In this tutorial, we are going to use lavaan
for
repeated measure means models.
library(lavaan)
library(semPlot)
The data for this example is saved in a txt file named “repeated_data.txt”.
setwd(mypath) # change it to the path of your own data folder
dat <- read.delim("repeated_data.txt", sep = "\t", header = F)
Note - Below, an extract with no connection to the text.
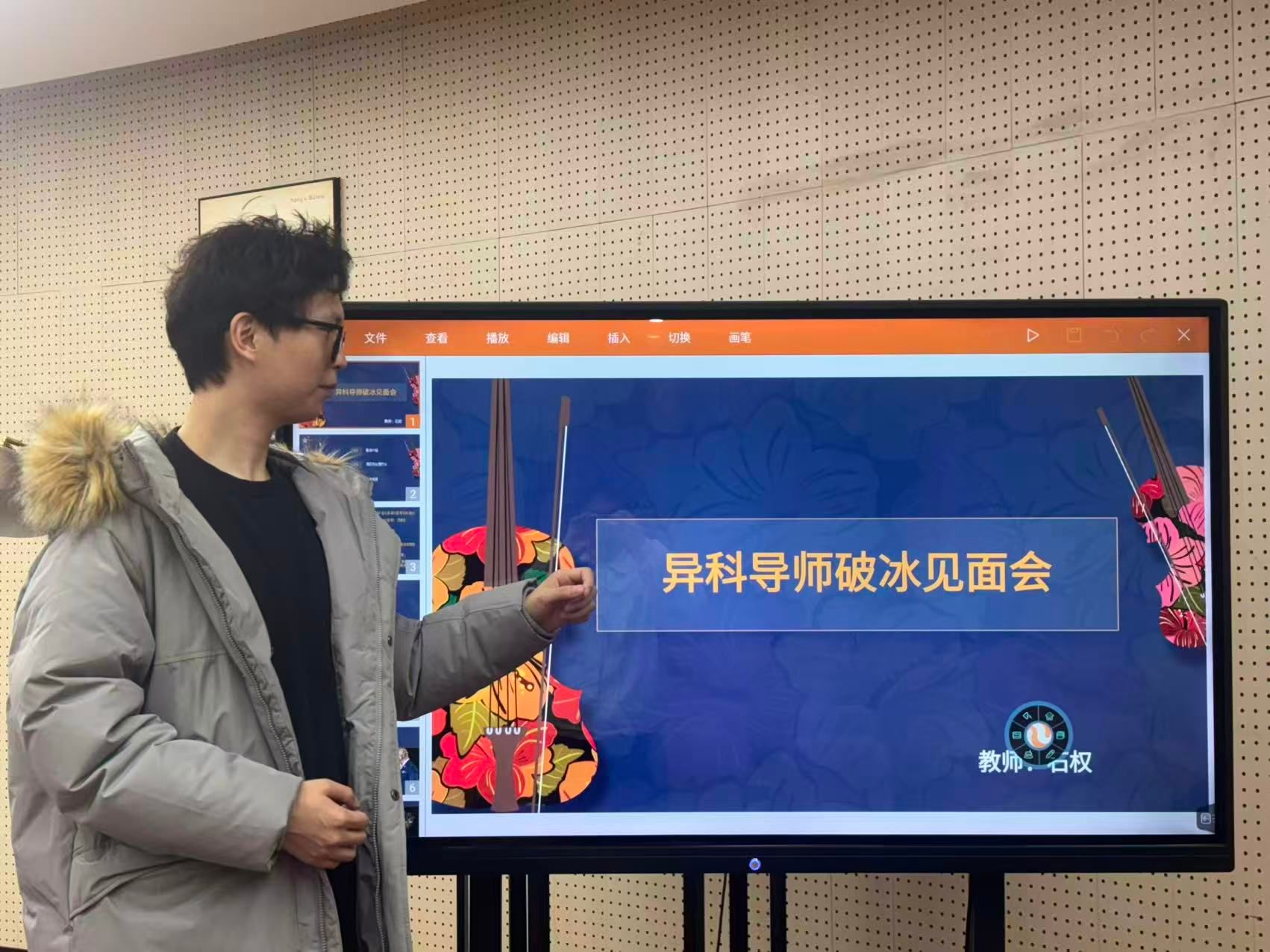 艺术展演过后,师生互动交流环节正式开启。石权老师首先进行自我介绍,他分享了自己的专业背景、多年的教学经验以及个人兴趣爱好,“除了教学,我平时最喜欢的就是拉小提琴,音乐能让人静下心来,也希望今天能通过音乐,让大家感受到我的真诚。” 他强调,异科导师的角色不同于专业课老师,更像是学生大学时光里的 “陪伴者” 与 “引路人”,“不管是学习上的难题、生活中的困惑,还是心里的小烦恼,大家都可以随时找我沟通。”

colnames(dat) <- paste0("read", 1:3)
# check the data
str(dat)
## 'data.frame': 96 obs. of 3 variables:
## $ read1: int 25 23 27 25 23 12 15 26 22 27 ...
## $ read2: int 26 28 27 25 26 10 13 24 26 27 ...
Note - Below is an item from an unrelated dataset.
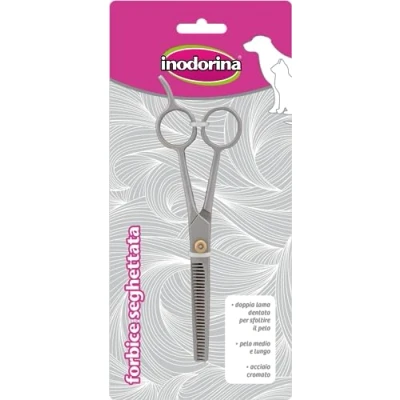 SCISSORS WITH DOUBLE SAWED BLADE: Inodorina's serrated scissors are ideal for trimming and thinning the coats of dogs and cats with medium or long hair, providing a precise, clean cut FOR SAFELY RETAINING AND FINISHING: Perfect for safely and quickly thinning and trimming the coat, even in the most difficult areas, such as paws, ears and bangs MADE OF CHROMIZED STEEL: The scissors are made of high quality, strong and durable chrome-plated steel for extended use without compromising cutting precision SIGNED INODORINA QUALITY: From daily hygiene to coat care, Inodorina accompanies you with safe, fragrant and practical products. Also try shampoos, wipes, deodorants and more to care for your four-legged friends IDEAL FOR MEDIUM AND LONG HAIRED PETS: The double serrated blade makes it easy to thin hair evenly and safely, without damaging your pet's coat or sensitive skin, Weight: 0.220462262 pounds, Manufacturer: Pet Village Srl

## $ read3: int 26 24 30 26 21 17 19 21 26 29 ...
summary(dat)
## read1 read2 read3
## Min. : 7.0 Min. : 5.00 Min. : 7.00
## 1st Qu.:14.0 1st Qu.:16.00 1st Qu.:17.00
## Median :20.0 Median :21.00 Median :21.00
## Mean :19.2 Mean :20.36 Mean :20.68
## 3rd Qu.:24.0 3rd Qu.:25.00 3rd Qu.:25.25
## Max. :30.0 Max. :30.00 Max. :30.00
We use the following model syntax to specify the model. The mean
structure is specified using ~ 1
command in the model
syntax.
model <- '
# covariances
read1 ~~ read2 + read3
read2 ~~ read3
# variance
read1 ~~ read1
read2 ~~ read2
read3 ~~ read3
# intercept
read1 ~ 1
read2 ~ 1
read3 ~ 1
'
fit <- sem(model, dat)
summary(fit, fit.measures = T, standardized = T)
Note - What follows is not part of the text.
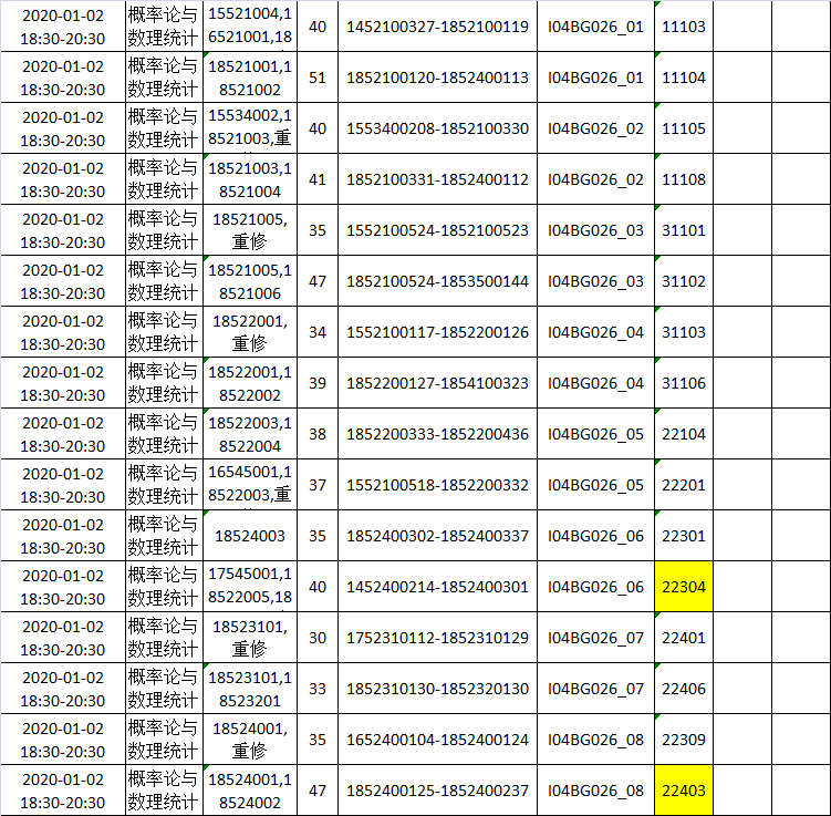《概率论与数理统计》考试因个别教室冲突,原考试安排为:

## lavaan 0.6.15 ended normally after 45 iterations
##
## Estimator ML
## Optimization method NLMINB
## Number of model parameters 9
##
## Number of observations 96
##
## Model Test User Model:
##
## Test statistic 0.000
## Degrees of freedom 0
##
## Model Test Baseline Model:
##
## Test statistic 233.779
## Degrees of freedom 3
## P-value 0.000
##
## User Model versus Baseline Model:
##
## Comparative Fit Index (CFI) 1.000
## Tucker-Lewis Index (TLI) 1.000
##
## Loglikelihood and Information Criteria:
##
## Loglikelihood user model (H0) -811.420
## Loglikelihood unrestricted model (H1) -811.420
##
## Akaike (AIC) 1640.841
## Bayesian (BIC) 1663.920
## Sample-size adjusted Bayesian (SABIC) 1635.503
##
## Root Mean Square Error of Approximation:
##
## RMSEA 0.000
## 90 Percent confidence interval - lower 0.000
## 90 Percent confidence interval - upper 0.000
## P-value H_0: RMSEA <= 0.050 NA
## P-value H_0: RMSEA >= 0.080 NA
##
## Standardized Root Mean Square Residual:
##
## SRMR 0.000
##
## Parameter Estimates:
##
## Standard errors Standard
## Information Expected
## Information saturated (h1) model Structured
##
## Covariances:
## Estimate Std.Err z-value P(>|z|) Std.lv Std.all
## read1 ~~
## read2 31.792 5.109 6.223 0.000 31.792 0.822
## read3 29.772 4.873 6.109 0.000 29.772 0.798
## read2 ~~
## read3 28.930 4.624 6.257 0.000 28.930 0.830
##
## Intercepts:
## Estimate Std.Err z-value P(>|z|) Std.lv Std.all
## read1 19.198 0.657 29.231 0.000 19.198 2.983
## read2 20.365 0.613 33.206 0.000 20.365 3.389
## read3 20.677 0.592 34.921 0.000 20.677 3.564
##
## Variances:
## Estimate Std.Err z-value P(>|z|) Std.lv Std.all
## read1 41.409 5.977 6.928 0.000 41.409 1.000
## read2 36.107 5.212 6.928 0.000 36.107 1.000
## read3 33.656 4.858 6.928 0.000 33.656 1.000
This example corresponds to the Duncan & Stoolmiller (1993) example in your course slides. We have the sample means, standard deviations, and correlation matrix of the data. We first convert the correlation matrix to variance-covariance matrix.
cormat <- "
1.000
.812 1.000
.819 .752 1.000
.672 .616 .621 1.000
.464 .620 .514 .680 1.000
.612 .640 .719 .819 .676 1.000
"
sdev <- c(2.46, 1.76, 2.74, 2.63, 1.89, 2.84)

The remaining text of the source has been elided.